I would try craft stores around August-September. Are you looking for stalks or husks, or both? Try here: http://www.amazon.com/JTT-0595511-C...1_fkmr0_1?ie=UTF8&qid=1338751671&sr=8-1-fkmr0


----------



## Spooky D (Feb 22, 2012)

http://www.youtube.com/watch?v=AXKmwGGcUcA&feature=g-user-u
Here is a great tutorial on making your own if you wanted to go that route. This is probably the only way to get them cheap.


----------



## cheou812 (Jul 9, 2011)

I bought some last year at either Home Depot or Lowes around Sept or Oct time frame. They were a good 6-8 feet tall, and about the $10-$15 range.


----------



## RCIAG (Jul 19, 2010)

Is there a reason you don't want to use real ones? I'd imagine there's plenty of farmers that would be willing to let you have a few real stalks for free (or a minimal fee) around the holiday.


----------



## Demon Dog (Feb 26, 2009)

How to make your own corn stalks, courtesy of Allen H: http://www.hauntforum.com/showthread.php?t=30563&highlight=corn+stalks

But we buy bundles of real corn stalks from the local farmers market, with Home Depot as the closer, more expensive, option if we need just a few more.

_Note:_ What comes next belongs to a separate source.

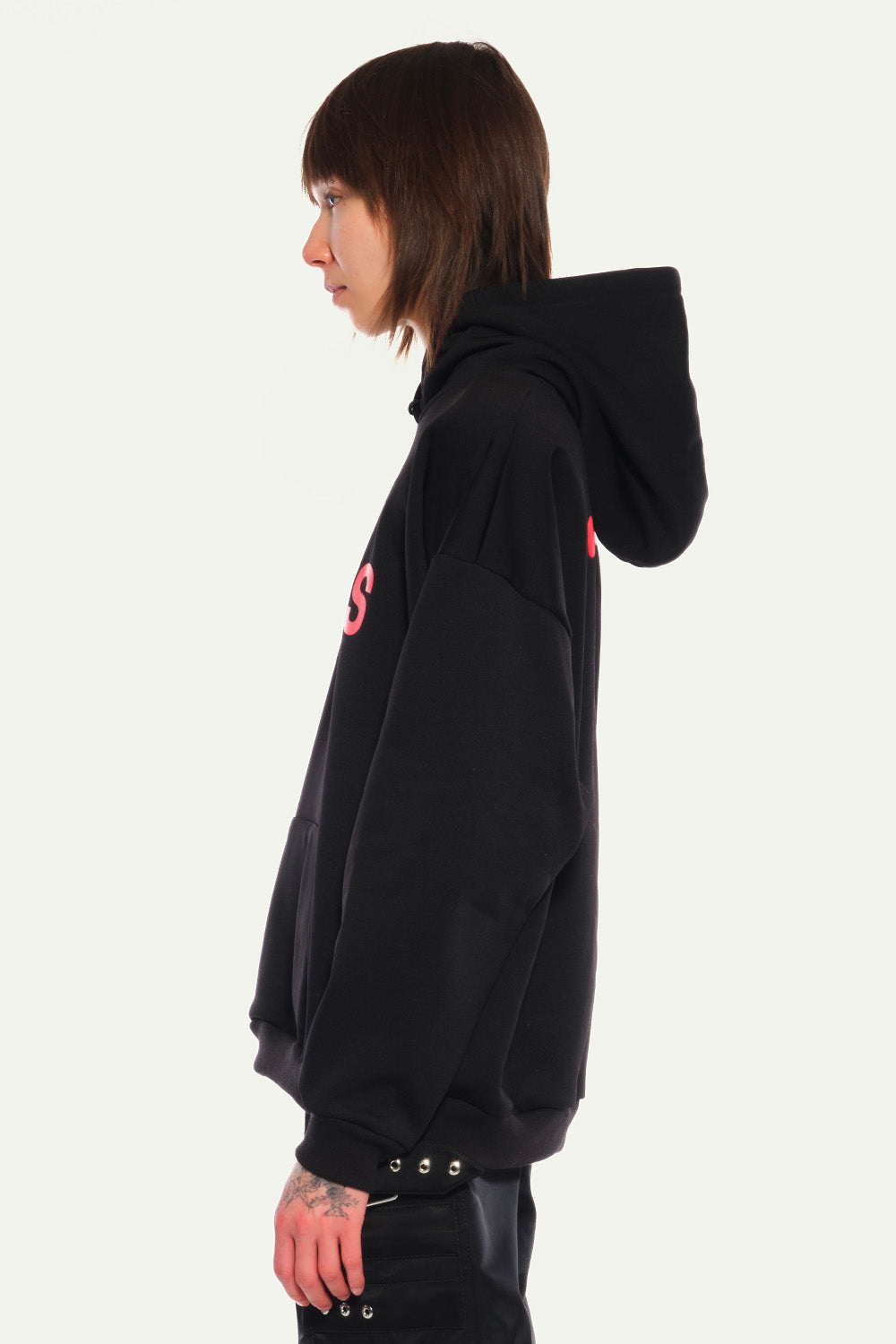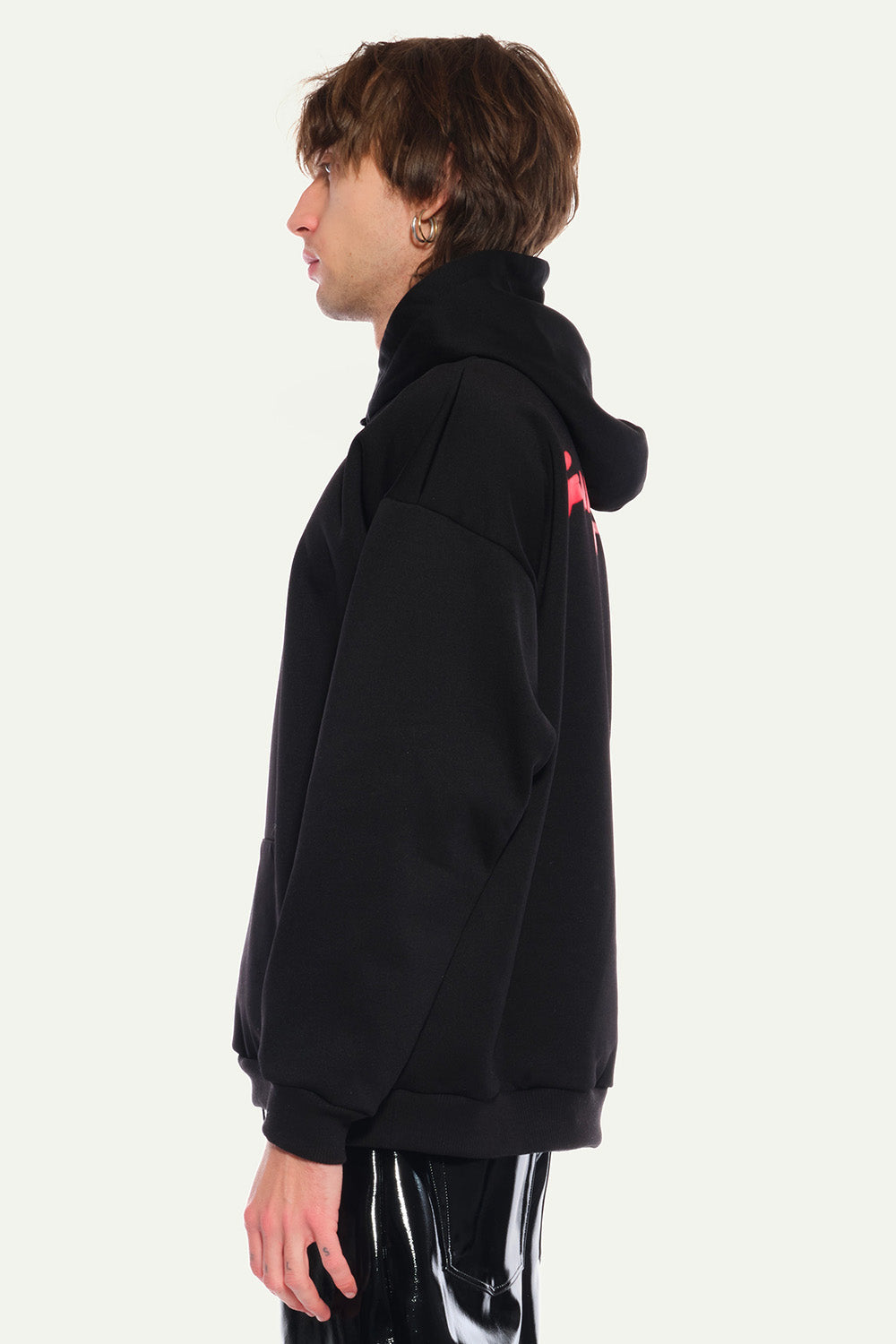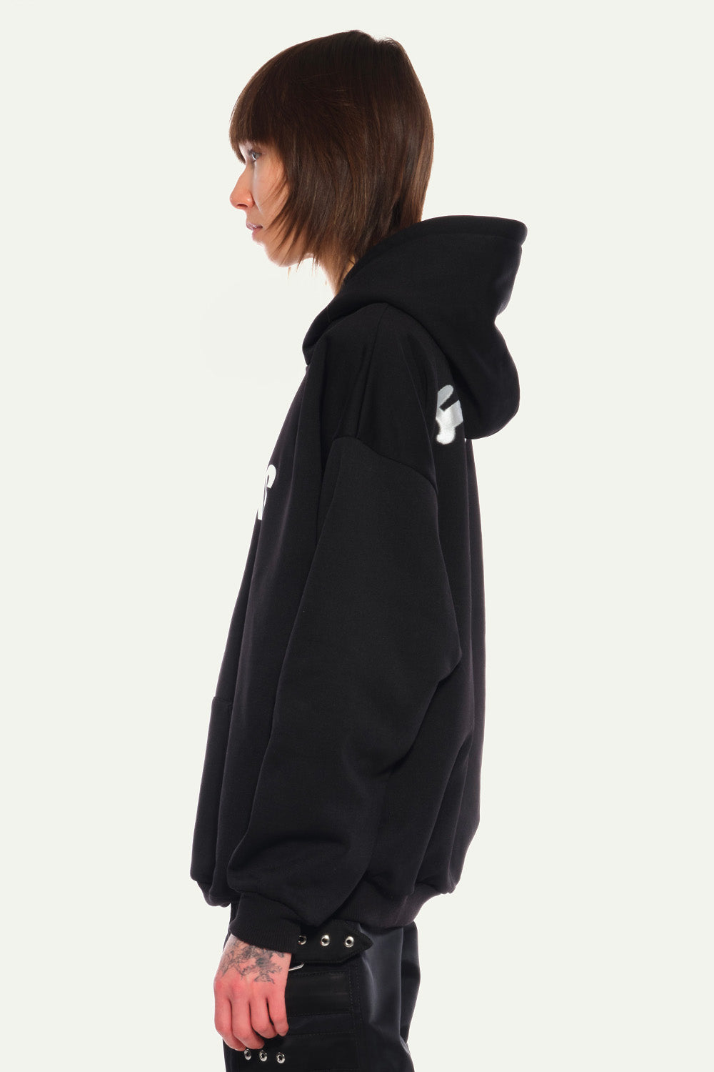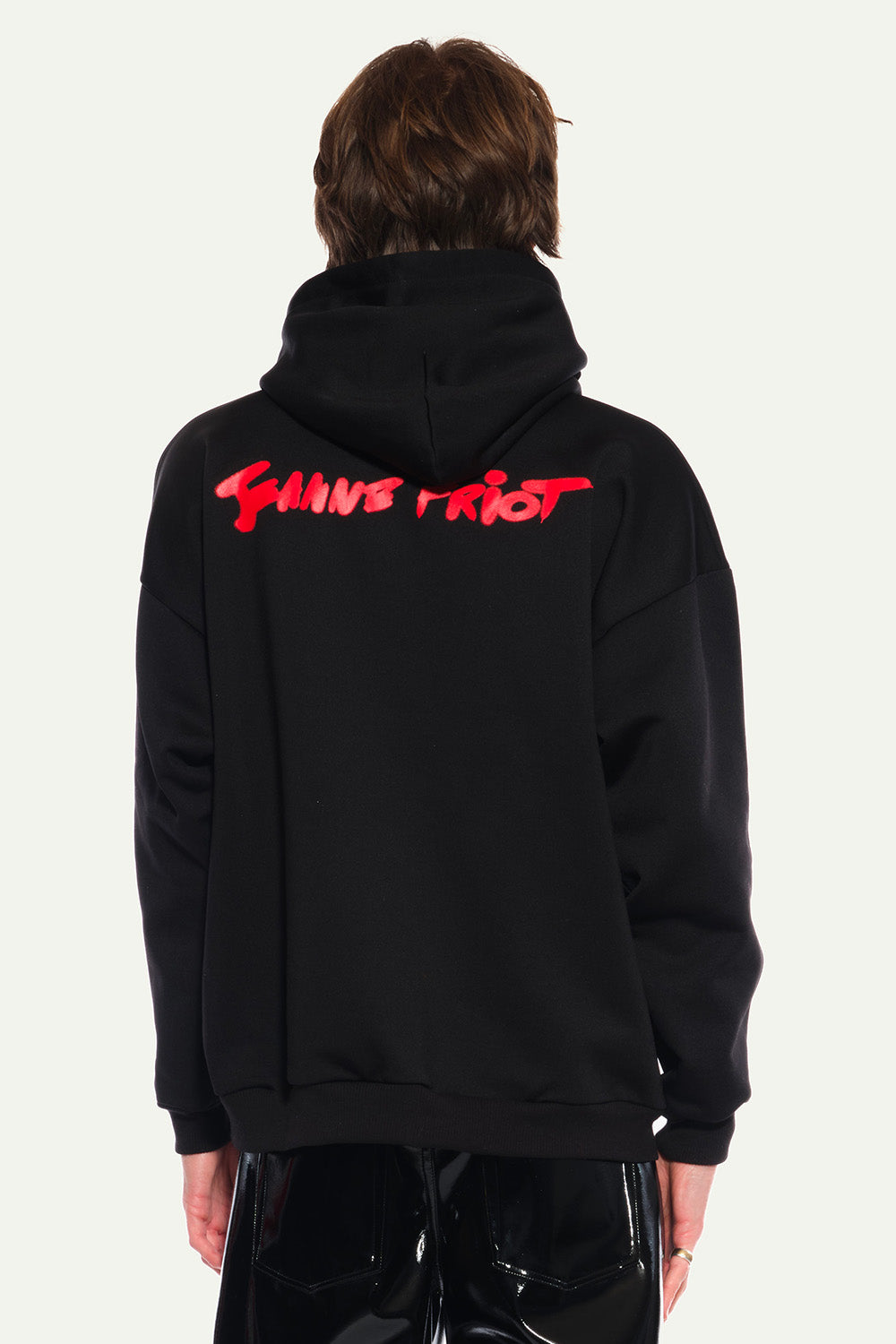 Black Oversized Hoodie screenprinted in Silver or Red Slogan

For outside display I made a couple black painted 1/2-inch PVC pipe "handrails" anchored to the ground via rebar and tie the stalks to that with jute twine for a "rows of corn" look behind my scarecrow. Then I also have a few single vertical straw color painted PVC pipes mounted on rebar about which I tie bundles of corn stalks for that old style harvested corn look to the sides of the scarecrow. Keeps everything from blowing around.


----------



## LadySherry (Oct 4, 2011)

The corn stalks from Allen are very easy to make and cheap. You might want to try it before August. If you don't like it you can always buy them.
Just a thought.


----------



## Trex (Nov 6, 2010)

We needed some for our display last year so we went to a local farmer; they told us "take as much as you want as long as you cut them and haul them out yourselves" I think we took about 80-100 stalks I would guess??


----------